The buying spree from whale addresses suggests strong expectations for higher prices ahead. These large transactions indicate institutional-level confidence in the meme coin’s prospects.
Spot market investors have also joined the accumulation trend. Exchange netflow data shows an additional $32 million in buying pressure from regular investors.
The combined inflow totals just over $500 million in fresh capital entering Dogecoin markets. This level of sustained buying could set up one of the biggest price moves in recent trading sessions.
However, DOGE has struggled to match the performance of other major cryptocurrencies. The asset has partly decoupled from Bitcoin and Binance Coin, both of which reached new all-time highs recently.
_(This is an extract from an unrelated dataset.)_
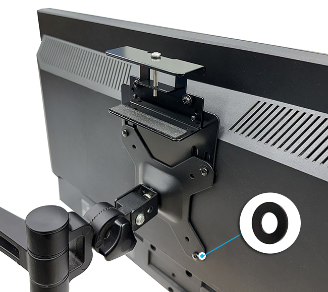 ※モニターアームと併用する際は付属の高さ調整用ワッシャーをアームの間に入れて下さい。
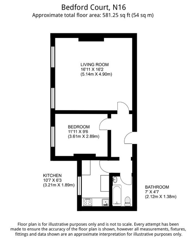 The property comprises a first floor one bedroom flat situated within an end of terrace building arranged over ground and three upper floors.

Over the past 24 hours, DOGE fell 3% while other top-10 cryptocurrencies continued gaining momentum. Despite a 27% rise in the past month, the asset has failed to reclaim previous highs.

Chart analysis points to liquidity outflows as the main driver of underperformance. Investors have been selling DOGE holdings while moving capital into BTC and BNB instead.
Historical Performance Shows Divergence
The divergence becomes clear when comparing recent performance periods. Between May 10th and June 22nd, Dogecoin price fell 39% during a broader market correction.
In contrast, Bitcoin dropped just 3.72% during the same timeframe. Binance Coin was down 7.06%, showing much better resilience.
Although all three assets rallied afterward, DOGE’s rebound merely brought it back to break-even levels. Bitcoin and Binance Coin posted much stronger gains during the recovery.
This performance gap reflects the different investor sentiment toward these cryptocurrencies. DOGE faces headwinds that other major tokens have avoided.
The meme coin’s reliance on retail sentiment makes it more volatile during market uncertainty. Institutional preference for Bitcoin and other established tokens has created this performance gap.
Key Liquidity Zones Present Two-Way Risk
Liquidation charts reveal DOGE trading within two major clusters according to market data. These zones represent areas where significant trading activity could occur.
The upper cluster could act as supply, potentially triggering a sell-off if price reaches these levels. This resistance zone contains liquidation orders from traders betting on higher prices.
Conversely, the lower cluster could provide demand support, pushing prices higher if touched. This area contains stop-loss orders from bearish positions that would create buying pressure.
Given the broader market’s bullish momentum and heavy whale accumulation, DOGE appears more likely to trend higher. The fundamental buying pressure from large holders supports an upside bias.
However, a push into the upper liquidity zone could trigger selling before any attempt at new highs. Short-term traders may take profits at these resistance levels.
The whale accumulation data suggests smart money expects higher prices despite current consolidation. These large holders typically have longer time horizons than retail traders.
Transaction activity among whales has also increased alongside the accumulation. The whale transaction count measuring transfers above $1 million has spiked recently.
This combination of accumulation and activity suggests major holders are positioning for a significant move. Whether this materializes depends on broader market conditions and retail participation.